Problem to work on: In the data below, the answer is the run of lines from the line containing "Переключатель на 3" through the line containing "A Republic of", both included; print it exactly and nothing else.

======== Records

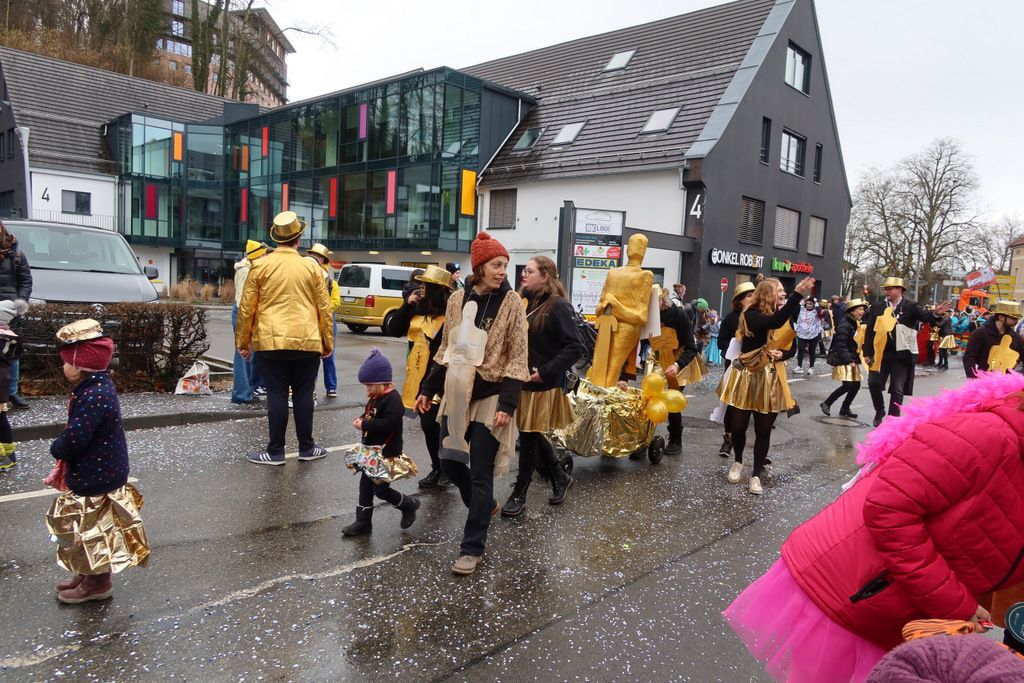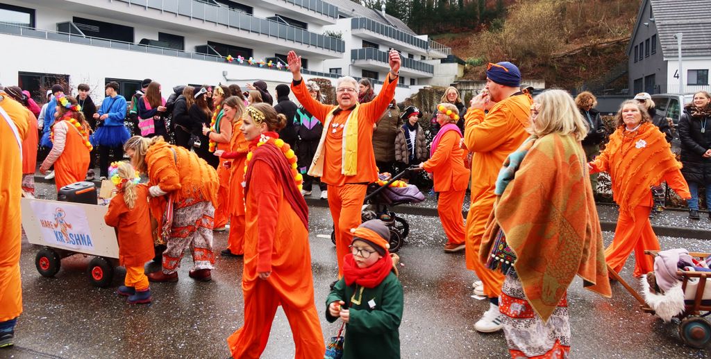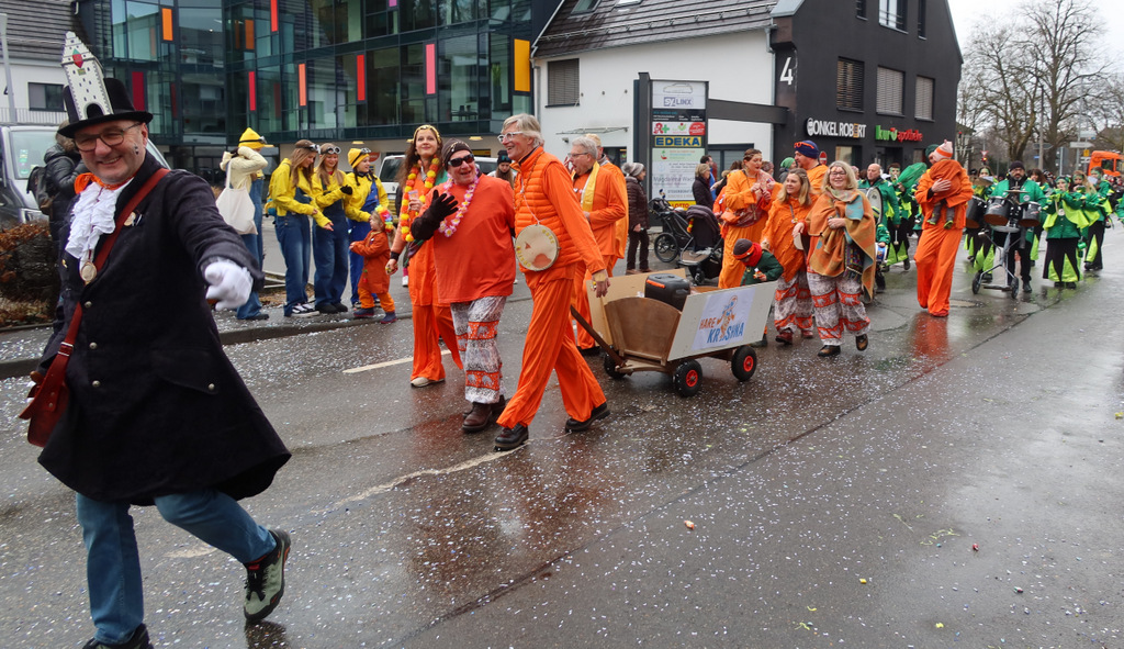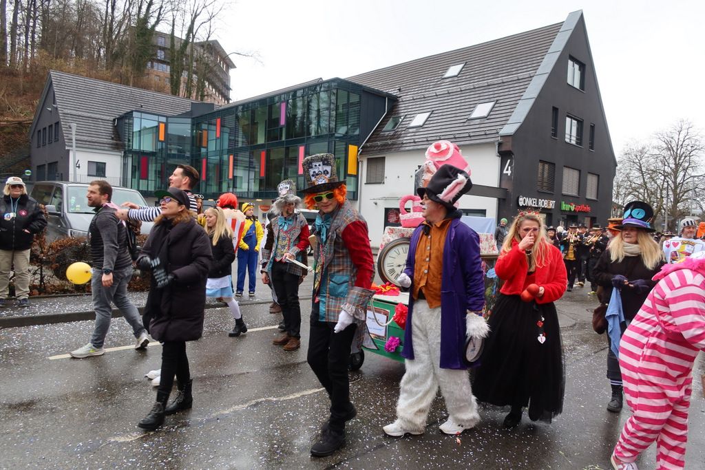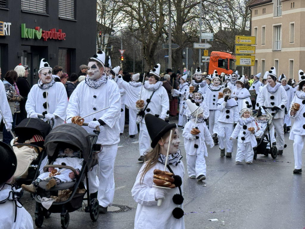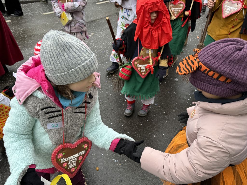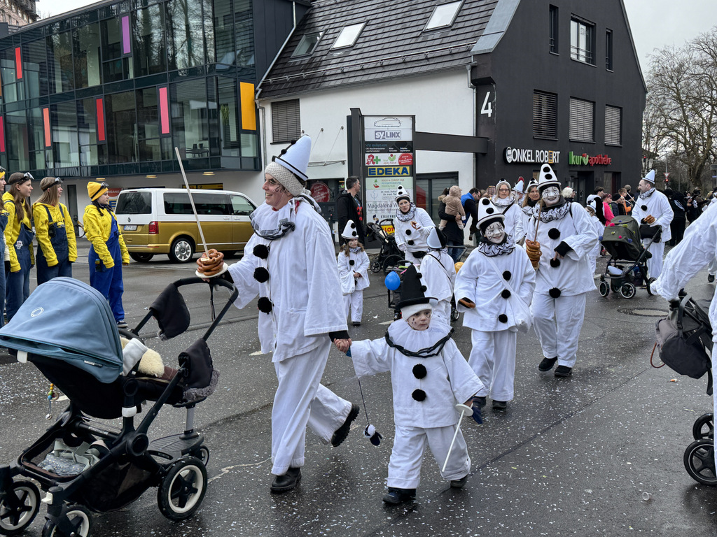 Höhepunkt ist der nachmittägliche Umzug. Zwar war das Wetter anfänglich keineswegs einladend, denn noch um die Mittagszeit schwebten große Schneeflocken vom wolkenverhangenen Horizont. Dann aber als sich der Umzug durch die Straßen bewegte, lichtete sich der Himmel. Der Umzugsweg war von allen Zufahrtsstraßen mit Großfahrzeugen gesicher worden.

================
======== Records

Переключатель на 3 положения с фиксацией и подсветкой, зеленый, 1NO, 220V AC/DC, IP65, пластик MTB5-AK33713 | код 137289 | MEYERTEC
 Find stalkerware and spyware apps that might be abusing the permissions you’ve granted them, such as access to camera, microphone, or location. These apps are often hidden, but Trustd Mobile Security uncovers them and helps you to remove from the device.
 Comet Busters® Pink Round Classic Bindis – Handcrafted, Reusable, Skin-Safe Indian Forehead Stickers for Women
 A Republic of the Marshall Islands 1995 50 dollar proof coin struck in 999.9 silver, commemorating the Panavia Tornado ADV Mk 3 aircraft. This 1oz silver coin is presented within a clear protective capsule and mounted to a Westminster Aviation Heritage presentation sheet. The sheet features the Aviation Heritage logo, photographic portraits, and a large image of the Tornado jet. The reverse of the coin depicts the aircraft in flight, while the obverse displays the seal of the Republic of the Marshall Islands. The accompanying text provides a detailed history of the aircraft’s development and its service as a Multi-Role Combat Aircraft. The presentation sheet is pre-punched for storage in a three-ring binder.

================

Task result:
Переключатель на 3 положения с фиксацией и подсветкой, зеленый, 1NO, 220V AC/DC, IP65, пластик MTB5-AK33713 | код 137289 | MEYERTEC
 Find stalkerware and spyware apps that might be abusing the permissions you’ve granted them, such as access to camera, microphone, or location. These apps are often hidden, but Trustd Mobile Security uncovers them and helps you to remove from the device.
 Comet Busters® Pink Round Classic Bindis – Handcrafted, Reusable, Skin-Safe Indian Forehead Stickers for Women
 A Republic of the Marshall Islands 1995 50 dollar proof coin struck in 999.9 silver, commemorating the Panavia Tornado ADV Mk 3 aircraft. This 1oz silver coin is presented within a clear protective capsule and mounted to a Westminster Aviation Heritage presentation sheet. The sheet features the Aviation Heritage logo, photographic portraits, and a large image of the Tornado jet. The reverse of the coin depicts the aircraft in flight, while the obverse displays the seal of the Republic of the Marshall Islands. The accompanying text provides a detailed history of the aircraft’s development and its service as a Multi-Role Combat Aircraft. The presentation sheet is pre-punched for storage in a three-ring binder.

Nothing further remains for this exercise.